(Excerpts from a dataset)
********************

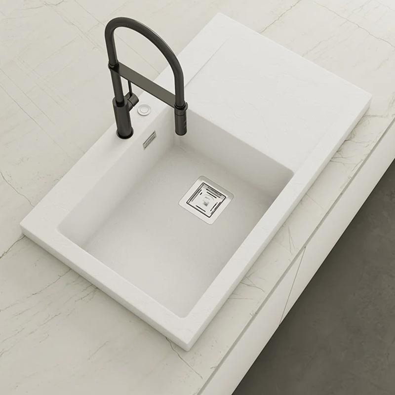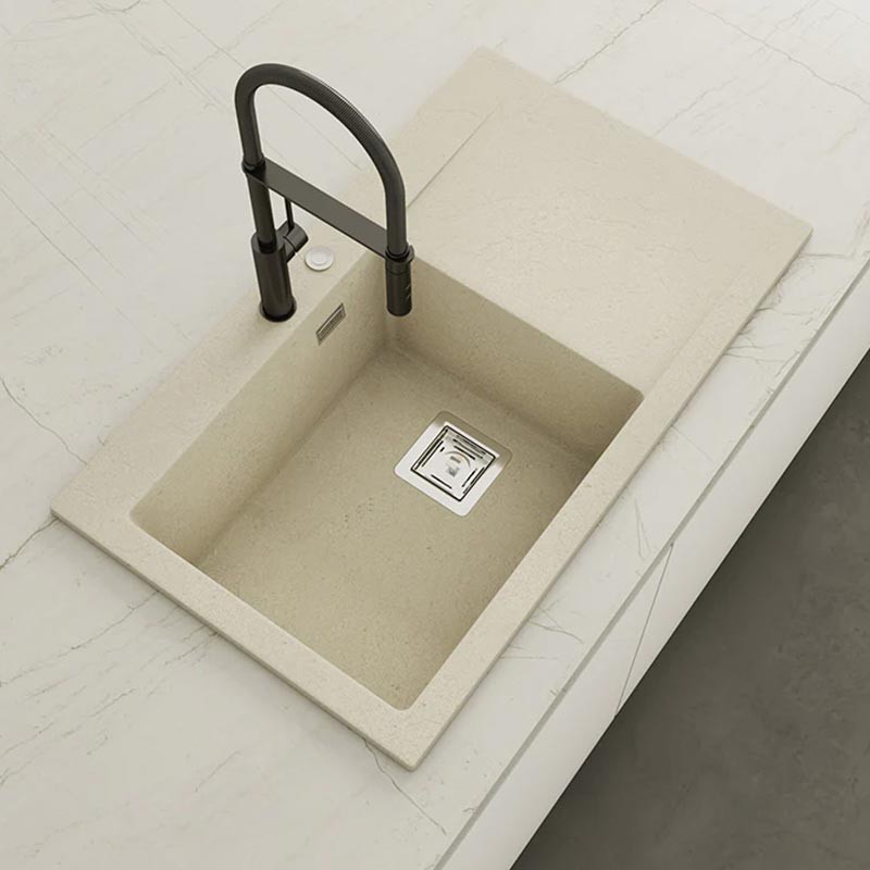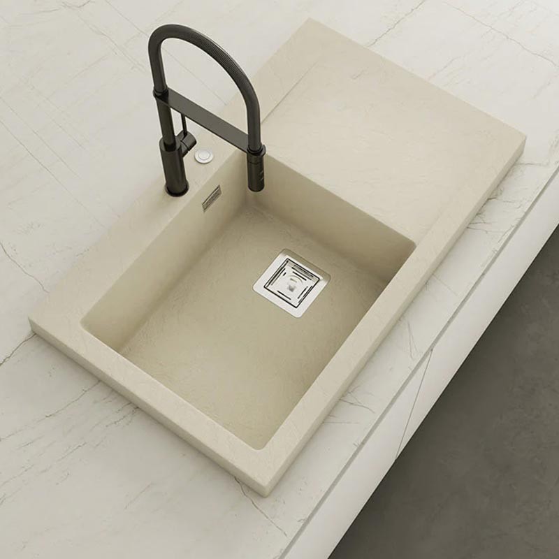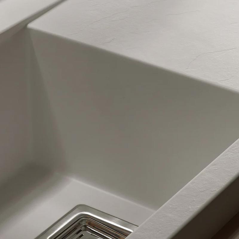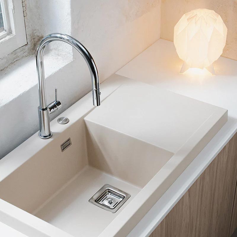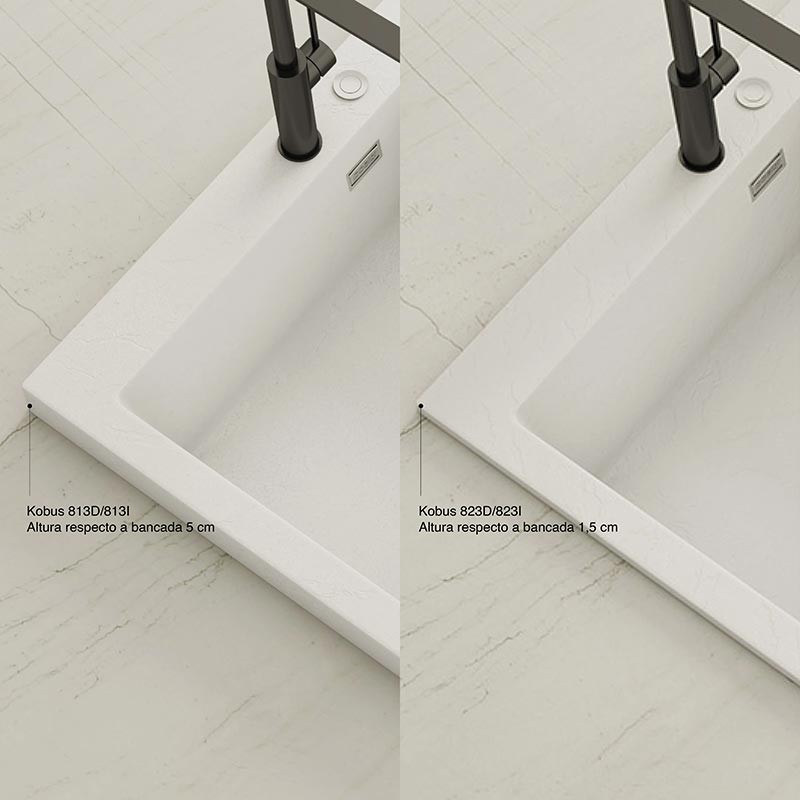 Fabricado por Poalgi en su material en masa Hekla®, este fregadero de granito otorga una amplia y confortable zona de trabajo resistente a factores externos. Además, su colocación sobre encimera ofrece dos alturas diferentes para adaptarse al estilo de tu cocina.
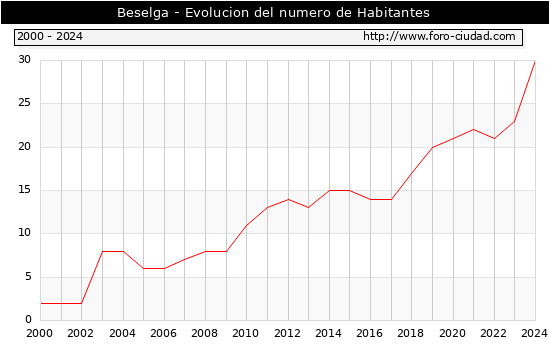 el numero de habitantes en Beselga era de 30, 7 habitantes mas que el en el año 2023. En el grafico siguiente se puede ver cuantos habitantes tiene Beselga a lo largo de los años.
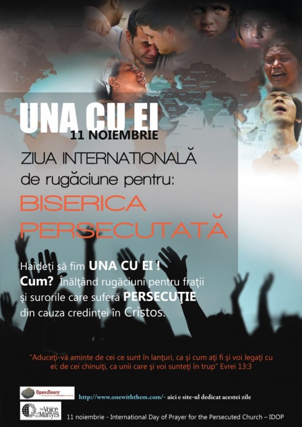 11 noiembrie 2012 este Ziua Internationala de Rugăciune pentru Biserica persecutată din întreaga lume. Există multe țări în lumea de astăzi în care creştinii sunt martirizați pentru credința lor.
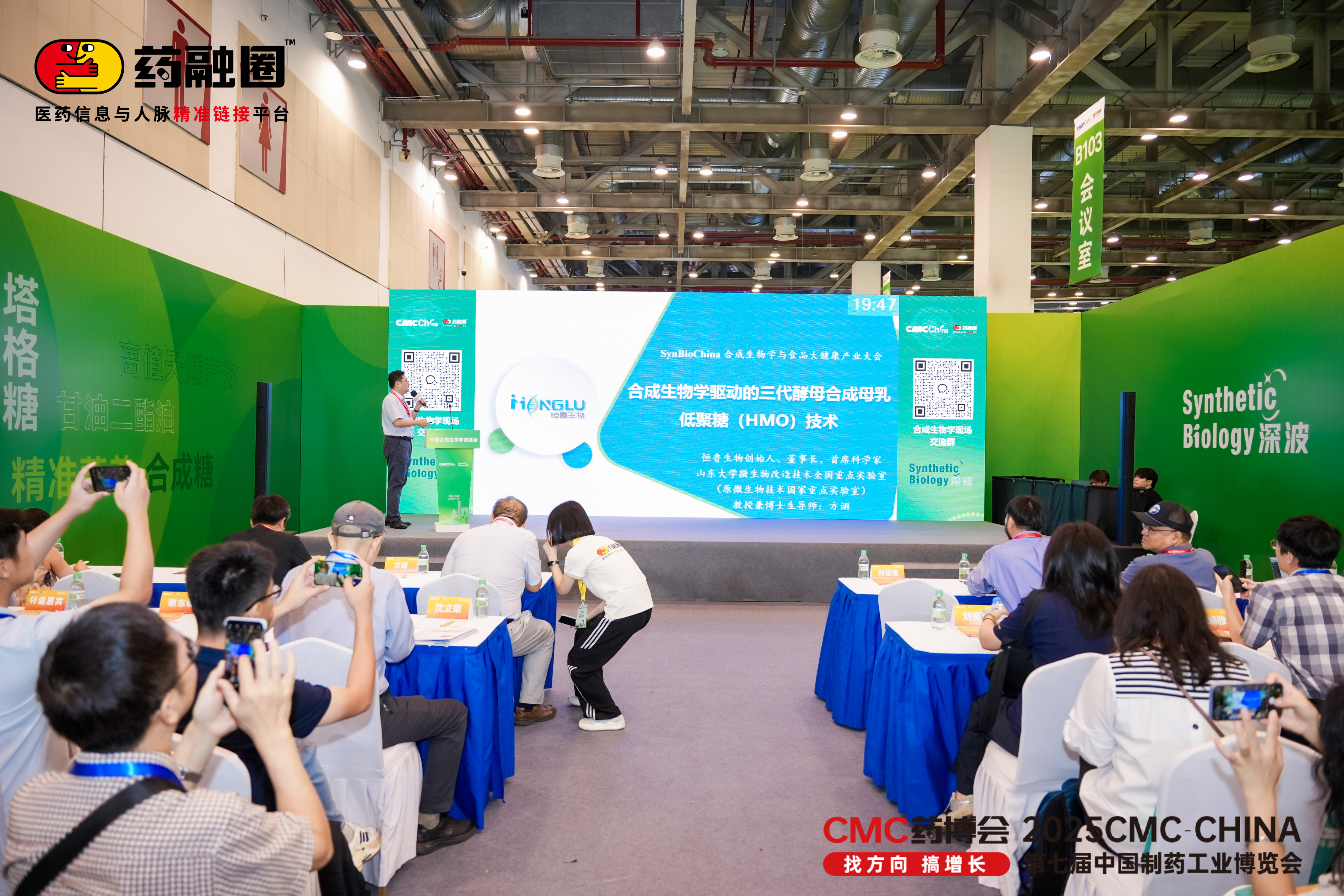 在博览会备受瞩目的“Synbio China合成生物学与食品大健康产业大会”上,方诩教授发表了题为“合成生物学驱动的三代合成母乳低聚糖(HMOs)技术”的演讲,向业界深入阐述了恒鲁生物具有里程碑意义的技术突破。采用完全自主研发的第三代酵母合成HMOs技术,其核心优势在于:无抗生素依赖、无需IPTG诱导、无质粒,且生产过程绿色环保!尤为关键的是,该技术选用列入益生菌目录的乳酸克鲁维酵母作为安全底盘细胞,并以源于安全菌株的芽孢杆菌作为供体,在全球范围内首次实现了基于酵母的HMOs规模化生产并获得国内外权威机构的广泛认可。这一“安全底盘+安全供体”的合成技术路线,是恒鲁生物在全球范围内的创新突破。
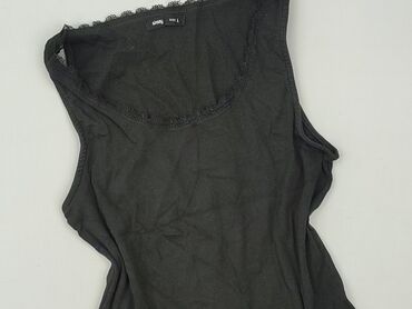 Czarny top damski Sinsay - Krój: dopasowany, bez rękawów - Dekolt: kwadratowy - Rozmiar: S (z metki) - Materiał: 94% poliamid, 6% elastan – elastyczna, gładka dzianina - Kolor: czarny - Długość: k...
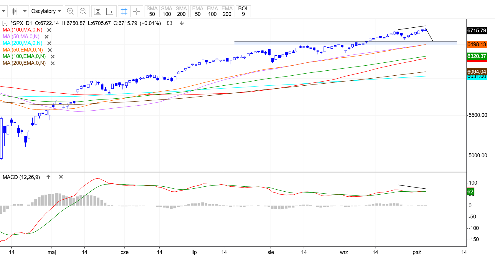 Amerykanie tak jak ostatnio pisałem. Małe nadbicie maksimów i kolejna mini dywergencja. Teraz czas na cofnięcie do lokalnego wsparcia? i ciąg dalszy zabawy?
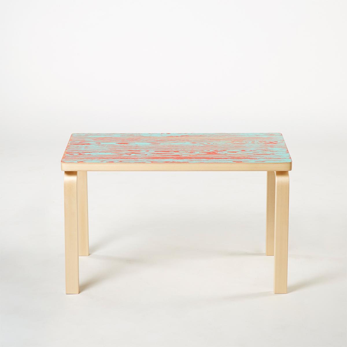 Originally designed by Alvar Aalto in 1945 and reinterpreted by Jo Nagasaka in 2019, the red and turquoise Colo Ring Bench 153. B is crafted by Artek. The design celebrates 100 years of strong diplomatic relations between Finland and Japan and makes up part of Artek's FIN/JPN Friendship Collection, created in collaboration with Japanese and Finnish designers. Crafted in Finland using solid Finnish birch wood, the seat is finished with a soft-grained pine veneer and transformed using Nagasaka's innovative Colo Ring technique. Up until now, Colo Ring had involved a time-consuming, fully-manual process created by fusing the traditional Japanese techniques of Udukuri and Tsugaru-Nuri, but thanks to Artek's revolutionary manufacturing techniques, the design can now be bought to a broader audience. As revolutionary as the colourful technique adorning it, the Bench 153. B represents the pinnacle of functionalist furniture design and is characterised by its state-of-the-art curved L-leg. Created by bending a piece of birch to a curved 90° angle, the L-leg is fastened directly to the seat, thus achieving Aalto's signature streamlined and simple aesthetic. Instantly recognisable as a classic Alvar Aalto design with Jo Nagasaka's artistic flourish, the Colo Ring Bench 153. B can be used as a seat, shelving display or for storage in your hallway, bedroom or dressing room. Please note: Due to the innovative nature of the Colo Ring technique, each bench features a uniquely grained finish and therefore will not match the picture exactly.
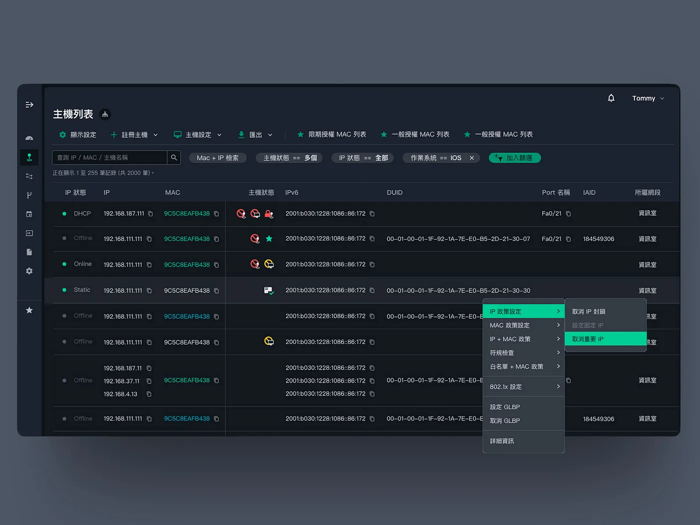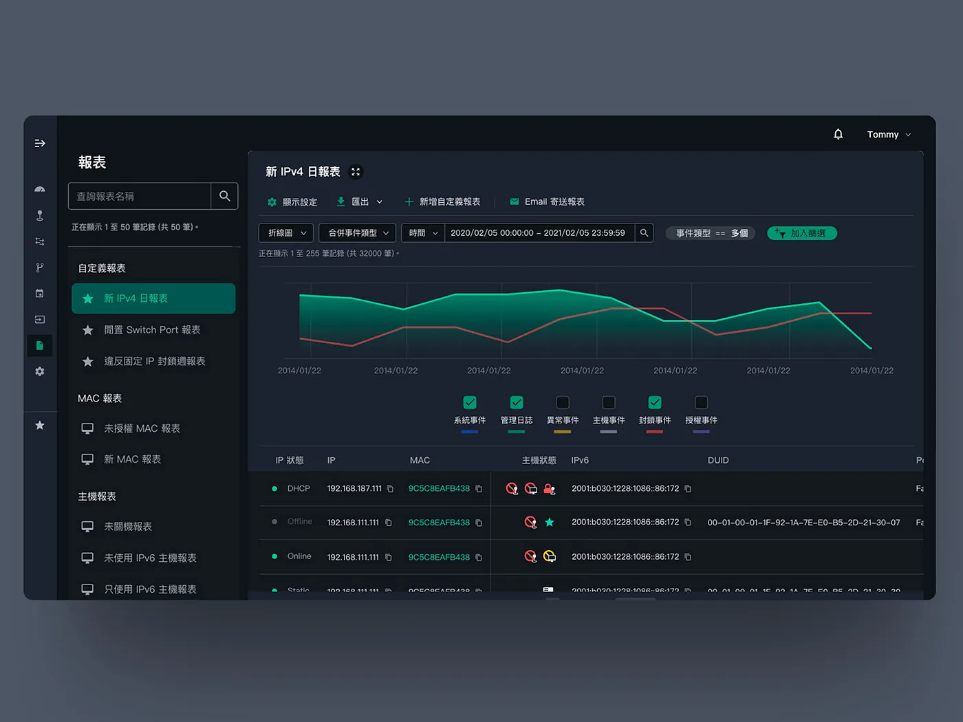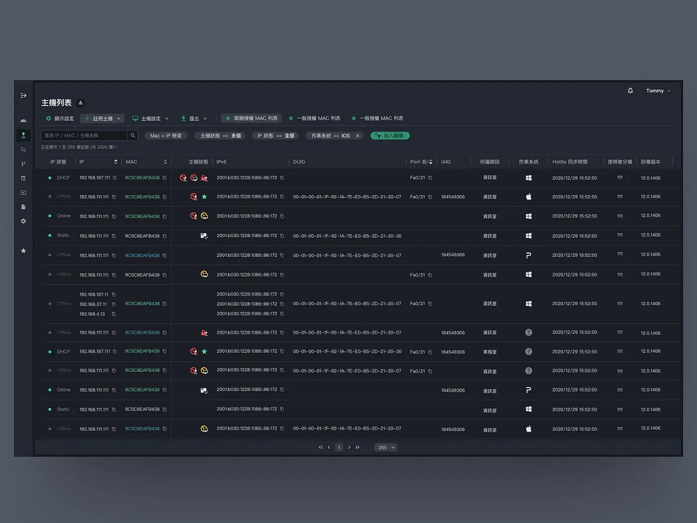 PIXIS is an enterprise network management system built for IT and network administrators overseeing complex, multi-site infrastructure. The platform provided a centralized interface for device discovery and inventory, network topology visualization, DHCP configuration, IP conflict detection, audit logging, and compliance rule enforcement across multiple organizational sites. Administrators could monitor switches, track host devices, and investigate security events from a customizable dashboard with draggable panels. The project was delivered as a fully functional frontend with mock API integration, dark/light theme support, and bilingual (English/Traditional Chinese) internationalization.
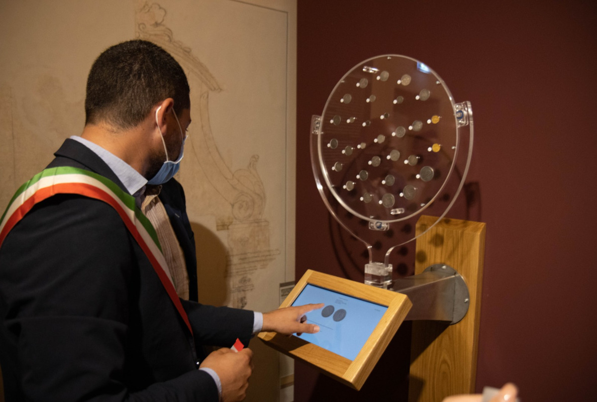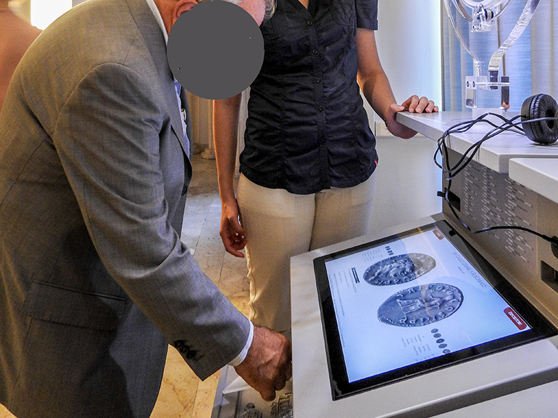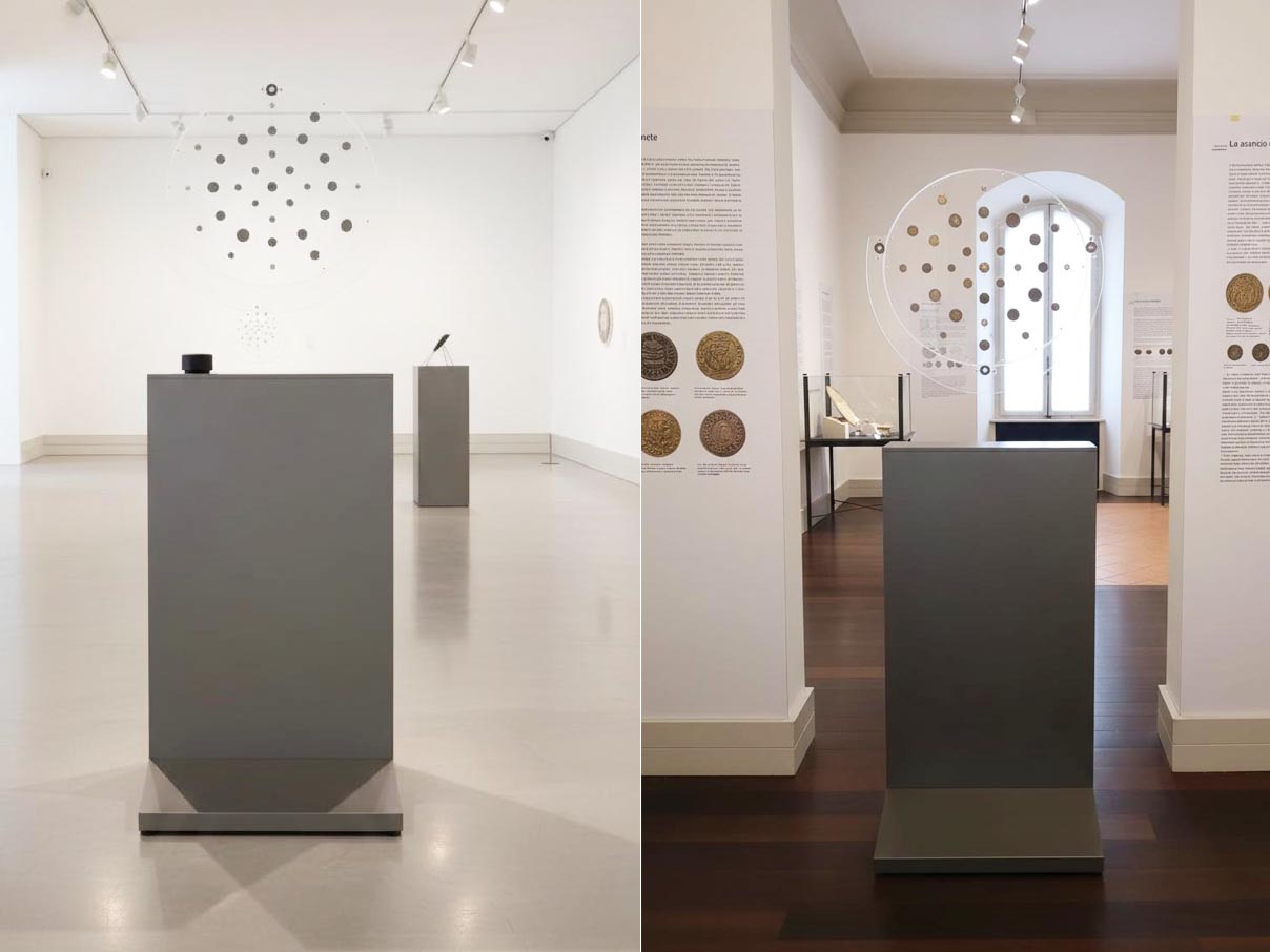 Il Monetiere/Medagliere Interattivo Rotante è un nuovo e rivoluzionario strumento, aggiunto nella collezione Mastroiannidesign per l’esposizione contemporanea di monete antiche e rare, medaglie, etc. disegnato e realizzato in Italia. Si differenzia dalle teche classiche sia nei materiali, che nella modalità di utilizzo. Dotato di sistemaTouch Screen, è stato realizzato per consentire al numismatico, o chi per esso, di raccontare nei particolari storici, geografici, fotografici, di commento (audio-video) le singole monete o medaglie che si andranno ad inserire in ogni disco espositore, inoltre il Monetiere/Medagliere Interattivo Rotante consente una visione ravvicinata, sia sul diritto che sul rovescio, di ciascuna moneta/medaglia esposta, e consente al visitatore, grazie alle sue rotazioni (Orizzontale e Verticale), di mettere in posizione regolare (Diritta) qualsiasi oggetto esposto.

********************

#### WHAT YOU NEED TO DO
Return word for word the lines from the beginning of the entries through the line that contains "Amerykanie tak jak", both ends included, but no pictures.

#### RESPONSE TO THE EXERCISE
 Fabricado por Poalgi en su material en masa Hekla®, este fregadero de granito otorga una amplia y confortable zona de trabajo resistente a factores externos. Además, su colocación sobre encimera ofrece dos alturas diferentes para adaptarse al estilo de tu cocina.
 el numero de habitantes en Beselga era de 30, 7 habitantes mas que el en el año 2023. En el grafico siguiente se puede ver cuantos habitantes tiene Beselga a lo largo de los años.
 11 noiembrie 2012 este Ziua Internationala de Rugăciune pentru Biserica persecutată din întreaga lume. Există multe țări în lumea de astăzi în care creştinii sunt martirizați pentru credința lor.
 在博览会备受瞩目的“Synbio China合成生物学与食品大健康产业大会”上,方诩教授发表了题为“合成生物学驱动的三代合成母乳低聚糖(HMOs)技术”的演讲,向业界深入阐述了恒鲁生物具有里程碑意义的技术突破。采用完全自主研发的第三代酵母合成HMOs技术,其核心优势在于:无抗生素依赖、无需IPTG诱导、无质粒,且生产过程绿色环保!尤为关键的是,该技术选用列入益生菌目录的乳酸克鲁维酵母作为安全底盘细胞,并以源于安全菌株的芽孢杆菌作为供体,在全球范围内首次实现了基于酵母的HMOs规模化生产并获得国内外权威机构的广泛认可。这一“安全底盘+安全供体”的合成技术路线,是恒鲁生物在全球范围内的创新突破。
 Czarny top damski Sinsay - Krój: dopasowany, bez rękawów - Dekolt: kwadratowy - Rozmiar: S (z metki) - Materiał: 94% poliamid, 6% elastan – elastyczna, gładka dzianina - Kolor: czarny - Długość: k...
 Amerykanie tak jak ostatnio pisałem. Małe nadbicie maksimów i kolejna mini dywergencja. Teraz czas na cofnięcie do lokalnego wsparcia? i ciąg dalszy zabawy?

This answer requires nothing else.